Save Wilderness Discovery Resort For The Disabled

921
Letters to the Editor

Letters to the EditorTHUNDER BAY – LETTERS – My thanks to Executive Director of HAGI, David Shannon and Bill Mauro for addressing the concerns of the nearly 21,000 petitioners to Save Wilderness Discovery Resort For The Disabled…finally!

 Ten weeks after the start of the petition, we’ve begun to see acknowledgment by decision makers. The silence was deafening. It took over 20,000 petition signers on Change.org to get attention. National attention. The attention of Emily Chan, CTV reporter in Toronto. Considering David Shannon’s comments to the reporter, his silence became more understandable.

 This petition was begun in an effort to persuade the Ontario government to deed the property where Wilderness Discovery is situated, to HAGI, property owned by the citizens. By doing so, it would release HAGI from lease payments and ease the operational costs. It would also solve the rights to that location permanently. The petition was started as a full-throated endorsement in support of HAGI and the camp.

 What changed? The surprising comments from Shannon that it would be an acceptable alternative to shutter this camp and divert people with special needs to tents and trailers when a far superior alternative is currently up and running. To say in the article, “We would like to reach out to all of those individuals (who signed the petition) and ask them: What do you want for your so-called wilderness experience.” is incredulous. His statements in that article  and on the latest TV news reports are tone deaf.  The comments on the petition site and on social media were overwhelming. They are SAVE WILDERNESS DISCOVERY! Not for a season. Not twenty years. Permanently!

 Board members at HAGI have taken the time to sign and support the petition. Curiously, unless it was done recently in a CYA effort, David Shannon has not. Thousands of Canadians are rallying to preserve their legacy in your community, and you can’t be bothered to sign their petition? It makes all your statements of doing “everything you can” to keep the camp open disingenuous.

 You claim to now be the victim of personal attacks on social media. Those “attacks” have come from a groundswell of dissatisfaction on how this resort has been managed under your guidance. If your name is going to be on the office door, and not on the petition that supports you, I imagine that makes you fair game. If you’re going to be the director at a non-profit organization that operates in part with taxpayer funds, you can certainly be open to public critique. Commenters have called those funds into question nearly from the start. Can you assure them that your figures are accurate? What exactly went up that much just recently. Or why did your funding drop so much just recently?

 I think it is fair when one of the camp’s patrons mentions on TV that you weren’t putting money into the place by not funding repairs and maintenance. And how now it seems to make sense since you were going to just close the camp anyway. I think it’s fair when OUR group stays at Wilderness Discovery and it’s surprising when we’re NOT the only cabin in use.

 If someone is going to manage, much like a baseball team, you’re going to have to put people in the seats and win for them.
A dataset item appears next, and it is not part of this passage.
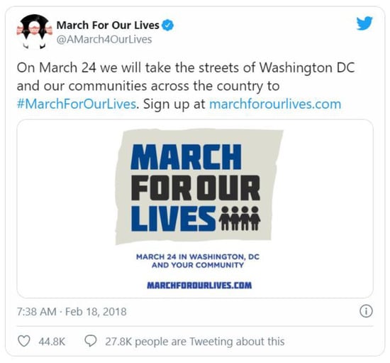 On 24 March 2018, the March for Our Lives rally in Washington D.C. and its subsequent events, which included 880 sibling protests, were held in the U.S. and globally, and recorded as the biggest anti-gun violence protest in U.S. and world history. The March for Our Lives movement was initiated in response to the Marjory Stoneman Douglas (MSD) High School mass shooting in Parkland, Florida on 14 February 2018. The event was recorded as the deadliest mass school shooting in the U.S. and yielded 34 casualties, including 17 deaths and 17 injured people. Shortly after the MSD mass shooting event, some of the surviving students founded “Never Again MSD” and organized the March for Our Lives movement to call out policymakers to take immediate and meaningful action on gun control policy [1]. On 18 February 2018, as the founders of the March for Our Lives movement, Never Again MSD members released the March for Our Lives rally in Washington D.C. on 24 March 2018 on Twitter via the @AMarch4OurLives March for Our Lives Twitter handle (Figure 1). After the MSD mass shooting and the announcement of the rally, heated public conversations generated hashtags on mass shootings, gun violence, and control on social media, such as #neveragain, #marchforourlives, and #enoughisenough. Particularly, the hashtag #marchforourlives was shared more than 3.6 million times starting from the announcement of the March for Our Lives (MFOL) movement on Twitter (see Figure 1).

If you don’t, and you haven’t with Wilderness Discovery, you DON’T DEMOLISH THE BALLPARK. You don’t blame empty seats on the USHERS. The MANAGER gets replaced.

 It’s unfortunate that you think this is so impossibly difficult. You point out how expensive it has become to run the camp. Did you ever consider appealing to your community instead of waiting for me to send a letter to the newspaper in January? Worse yet, were you even going to tell them at all? Had you ever considered embracing the people who have rallied behind this petition, the very people that want to help, instead of sitting on the sidelines wondering what was going to happen? 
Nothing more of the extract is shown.